Ending this week we see market average prices at USD1761 (Feb 23) for the corridor.
On the trans-Pacific looking at China Main ports - North America West Coast ports, 2 weeks post CNY 2016 (week starting February 22), we saw an average drop of about 13% for a 40’ container. This year, 2 weeks post CNY (week starting February 13) though still a drop, that same corridor (40’ container) saw only an average drop of 11%.
However, we should note that despite the decline this year, the prices today are still at a higher level than this same time in 2016.
China Main Ports - North American West Coast Ports | 40’ Container
February 23, 2017 = USD1937 (market average price)
February 23, 2016 = USD1336 (market average price)
Container Rates Could Reach 2014 Price Levels
If we look at the average prices Post CNY from 2014-2017, it's clear that this year's ocean freight prices are inching up to 2015 prices. What's more interesting is that if, and that is a big IF, the market remains as healthy for suppliers, container rates can possibly reach 2014 levels.
[Data from Xeneta platform - Click to enlarge]
NOTE: Markers designate Chinese New Year Start
The average rate on the market average price in 2014 for a 40’ container on China Main – North Europe was USD2504. Today, we so far see the average rate of the market average price at so far USD1974. If this trend continues, the 2015 gap will definitely be covered and we could potentially see the market nearing 2014 prices. But, remember, this is all up for grabs, but never say "never".

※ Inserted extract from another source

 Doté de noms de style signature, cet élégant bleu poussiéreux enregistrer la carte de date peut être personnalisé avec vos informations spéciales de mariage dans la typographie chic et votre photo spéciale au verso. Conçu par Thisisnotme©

We reported a couple of weeks ago that some carriers were pulling capacity to keep the market at a higher level once the lunar holiday concluded. This could be indeed one of the many "smarter" mechanisms they are using to make sure things don't plummet like it did last year. Although, you can argue that carriers have done this every year.
China to South America a Strong Rally
With a majority of the focus on the Asia – Europe and trans-Pacific corridors, the true winner so far has been slightly forgotten. The China to South America corridor has recovered amazingly in 2017 with an increase of approximately 200% year on year.

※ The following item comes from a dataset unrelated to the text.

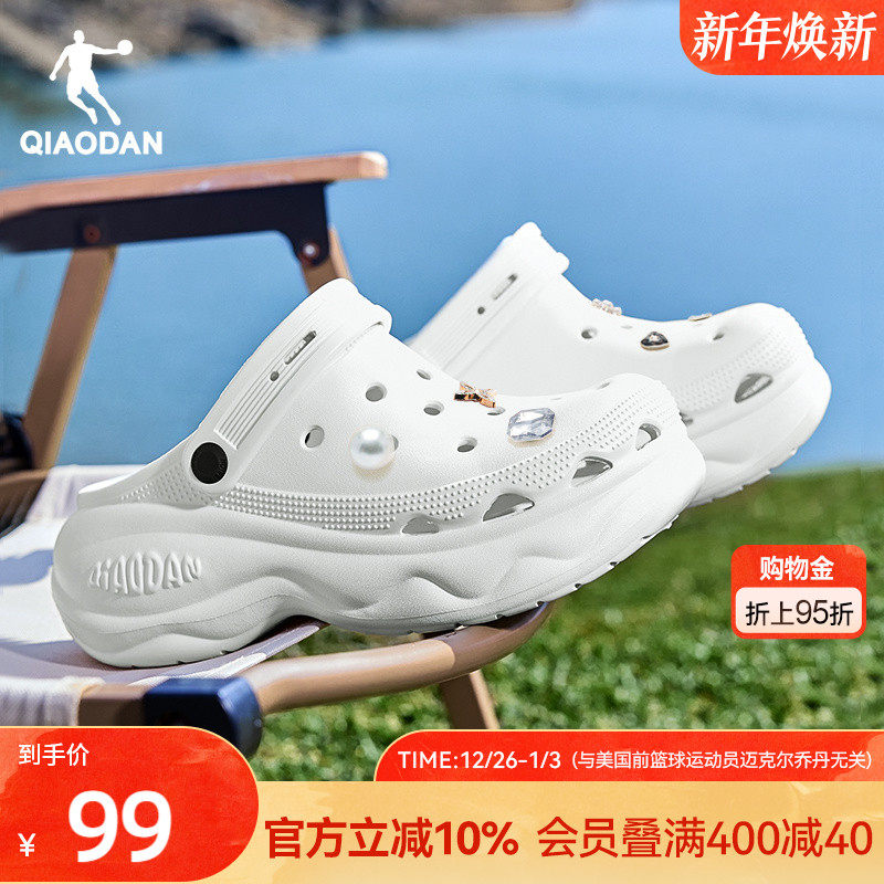乔丹汉堡洞洞鞋女2025夏季防滑透气软底白色运动鞋子厚底增高凉鞋

China Main ports – South America ports | 40’ container
February 23, 2017 = USD 1963 (market average price)
February 23, 2016 = USD 632 (market average price)
A market low price of USD50 was recorded in the Xeneta platform for the corridor (40’) on Feb 23, 2016.
The market average price increase of 200% is a solid foundation for carriers to begin cutting their losses in this corridor and start the move to positive numbers. This is by far the best market for shipping carriers to make money instead of handing away money.
In all honesty, the past 12+ months saw shipping lines subsidizing their customers (BCOs) to move their cargo, which led to subsidies to consumers allowing BCOs to either pocket the money or push the savings down to the end consumer.
South America - Europe | Room to Dominate
Maersk’s acquisition of Hamburg Süd will give them a 70% market share mainly on reefers on the South America to Europe corridor. This is good news for Maersk as they very well will control the majority of that market and will have the upper hand in contract negotiations. It perhaps is not that good news for shippers.
Long-Term Contracts Pulling the Market Up
Europe negotiations were postponed by many companies last year in an attempt to see what the effects of Chinese New Year would be. As many of these contracts are being concluded, we see a substantial increase in long-term contract rates (Asia - Europe) when compared to the same cycle last year.
American companies are entering negotiations in the spring and summer months. All eyes should be on May and beyond as the ocean freight contracts signed last year at low prices will be expiring giving the carriers the upper hand when new contracts come into play. This will undoubtedly keep pulling the market up as it is anticipated that the higher contracts being seen on the Asia-Europe corridor will apply for the trans-Pacific as well.
Overcapacity Unsolved & Daring Liners Can Pounce
I can't stress enough that although 2017's ocean freight rates have all the signs that they are improving, we can never be too sure. Overcapacity is still an issue that hasn't been dealt with 100% even though there are a record number of ships being scrapped.
We should also be on the look out for any new or daring liners who want to make a play in the market, and by doing so may drop prices to gain market share. All eyes should be on the near future contract negotiations because if any liner starts agreeing low long-term contract prices now, that would be a catalyst to pull down the spot market as well. Then, it could all start all over again and we may relive 2016.